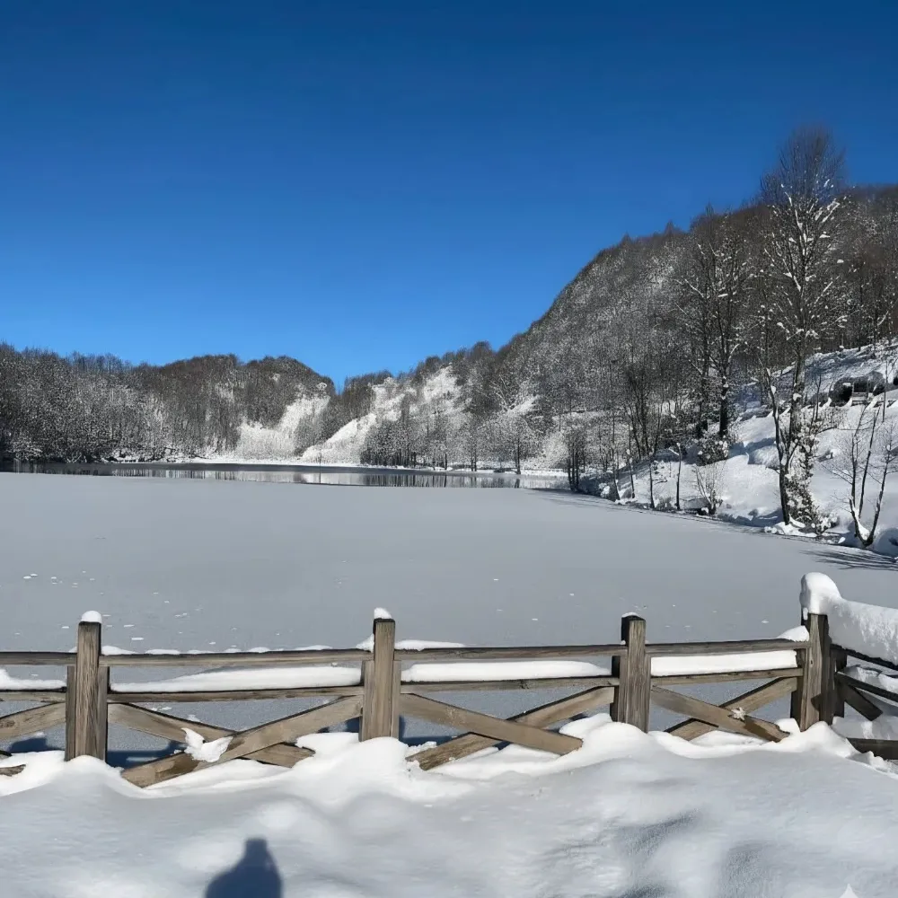 Karla kaplanan göl yüzeyi ve çevresindeki ormanlık alanlar, doğayla iç içe manzaralar oluşturdu. Beyaz örtüyle bütünleşen Ulugöl, özellikle doğaseverler ve fotoğraf tutkunları için eşsiz görüntüler sundu.
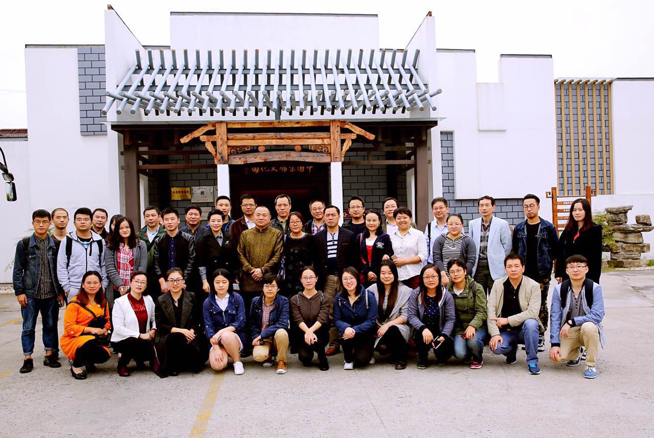 鼎盛絲綢董事長吳建華與蘇豪傳媒副總經(jīng)理單鳳艷率參展團(tuán)在中國宋錦文化園前合影
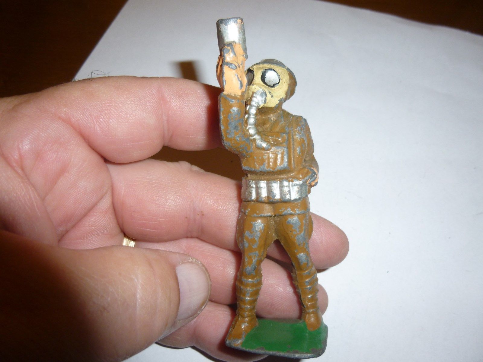 Title (ebay affiliate link): RARE VTG BARKLEY LEAD TOY SOLDIER GAS MASK SHOOTING FLARE GUN
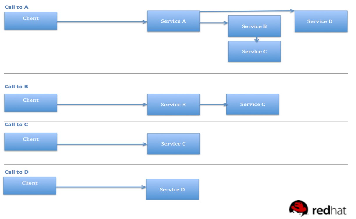As we can see, calls to A and B involve chained calls to C and D. Calls to C and D are self-contained. We’ve expanded the implementation by adding 25 endpoints to each microservice. There are therefore 100 endpoints in total.
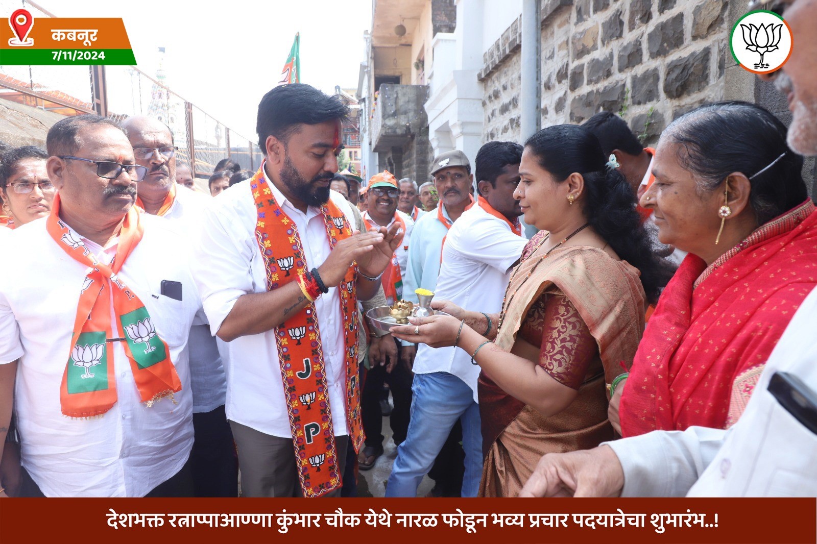 महायुतीचे अधिकृत उमेदवार राहुल प्रकाश आवाडे यांच्या प्रचारार्थ प्रमुख पदाधिकारांच्या उपस्थितीत कबनूर येथे देशभक्त रत्नाप्पाआण्णा कुंभार चौक येथे नारळ फोडून भव्य प्रचार पदयात्रेचा शुभारंभ करण्यात आला. या पदयात्रेने इचलकरंजी विधानसभा मतदारसंघात एक उत्साहवर्धक वातावरण निर्माण केले.
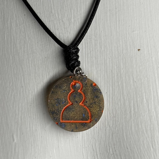 Green & Orange Luxury Pawn - Handmade Resin Chess Necklace
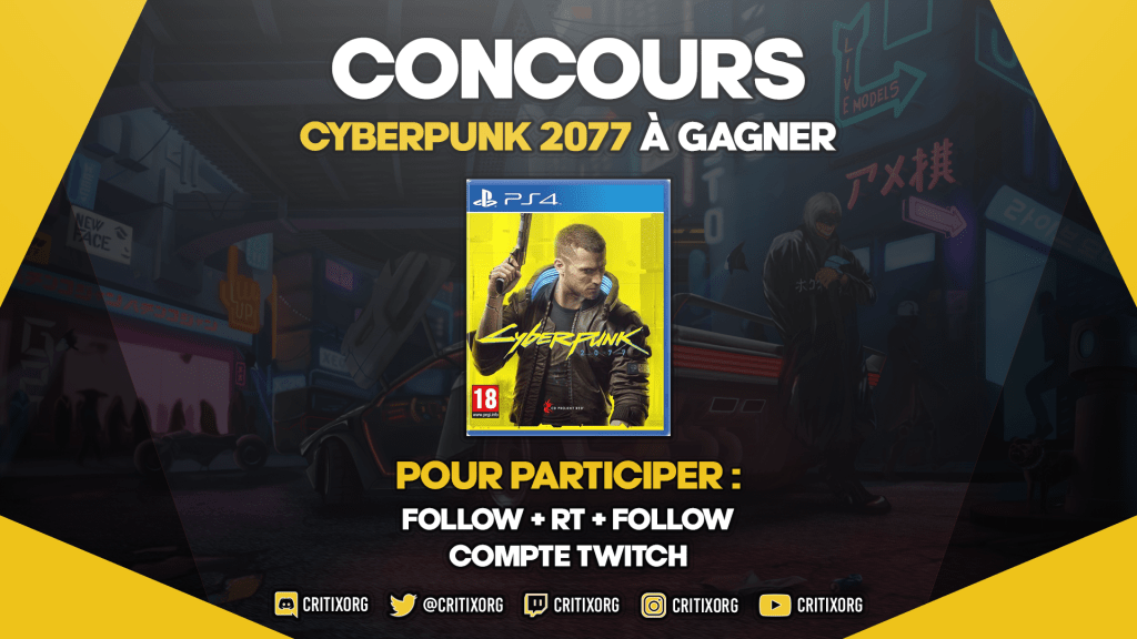 Critix est lancé ! Pour fêter cela nous vous offrons Cyberpunk 2077 sur la plateforme de votre choix. Cliquez sur l’affiche ci-dessous pour voir le tweet qui vous permettra de participer à ce concours.

= PROBLEM TO SOLVE =
The lines from the one holding "Title (ebay affiliate" to the final line of the entries are to be duplicated exactly, and the pictures are to be left out.

= RESULT FOR THIS EXERCISE =
 Title (ebay affiliate link): RARE VTG BARKLEY LEAD TOY SOLDIER GAS MASK SHOOTING FLARE GUN
As we can see, calls to A and B involve chained calls to C and D. Calls to C and D are self-contained. We’ve expanded the implementation by adding 25 endpoints to each microservice. There are therefore 100 endpoints in total.
 महायुतीचे अधिकृत उमेदवार राहुल प्रकाश आवाडे यांच्या प्रचारार्थ प्रमुख पदाधिकारांच्या उपस्थितीत कबनूर येथे देशभक्त रत्नाप्पाआण्णा कुंभार चौक येथे नारळ फोडून भव्य प्रचार पदयात्रेचा शुभारंभ करण्यात आला. या पदयात्रेने इचलकरंजी विधानसभा मतदारसंघात एक उत्साहवर्धक वातावरण निर्माण केले.
 Green & Orange Luxury Pawn - Handmade Resin Chess Necklace
 Critix est lancé ! Pour fêter cela nous vous offrons Cyberpunk 2077 sur la plateforme de votre choix. Cliquez sur l’affiche ci-dessous pour voir le tweet qui vous permettra de participer à ce concours.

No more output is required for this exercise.